* RECORDED INFORMATION:

#####

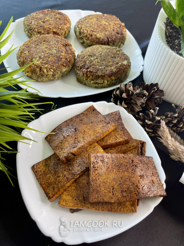 Обжариваем котлеты на среднем огне, переворачиваем, затем закрываем крышкой и готовим еще 1 минуту. Нарезаем тофу и смачиваем с двух сторон в соевом соусе. Обжариваем с двух сторон на растительном масле по 1 минуте.
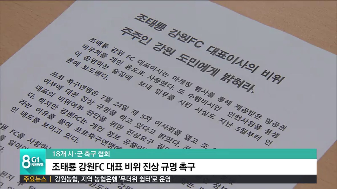 강원도 18개 시·군 축구협회는 오늘 강릉시청에서 기자회견을 열고 최근 불거진 조태룡 강원FC 대표의 비위 의혹에 대한 진상 조사를 촉구했습니다.
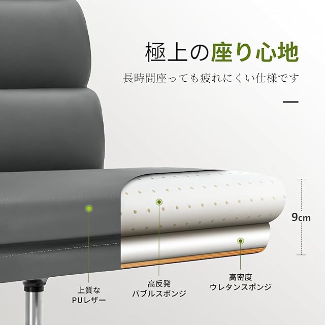 【シンプルデザイン&極上の座り心地】シンプルで洗練されたデザインを持つ、ビジネスパーソン・学生・在宅ワーカーに最適な「疲れないデスクチェア」です。デスクチェアの座面クッションは柔らかい材質で作られました。座面の下層は高密度ウレタンスポンジ 、上層は高反発バブルスポンジを採用しており、二層反発綿でつくられた座面は普通のより緩和性がよい、柔らかくて肌に優しい、極上の座り心地を長く支えます。
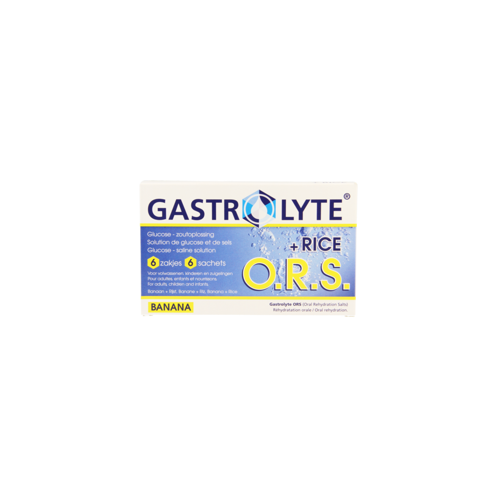 Gastrolyte O.R.S. Banana + rice est une préparation instanée avec un goût de banane agréable, possédant les propriétés de l'eau de riz. C'est un O.R.S. (= Oral Rehydration Salts), afin de soutenir un bon équilibre des fluides.

#####

* REQUIRED WORK: From the first line above to the line containing "강원도 18개 시·군", repeat each line exactly. Pictures stay out.

* OUTPUT FOR THIS TASK:
 Обжариваем котлеты на среднем огне, переворачиваем, затем закрываем крышкой и готовим еще 1 минуту. Нарезаем тофу и смачиваем с двух сторон в соевом соусе. Обжариваем с двух сторон на растительном масле по 1 минуте.
 강원도 18개 시·군 축구협회는 오늘 강릉시청에서 기자회견을 열고 최근 불거진 조태룡 강원FC 대표의 비위 의혹에 대한 진상 조사를 촉구했습니다.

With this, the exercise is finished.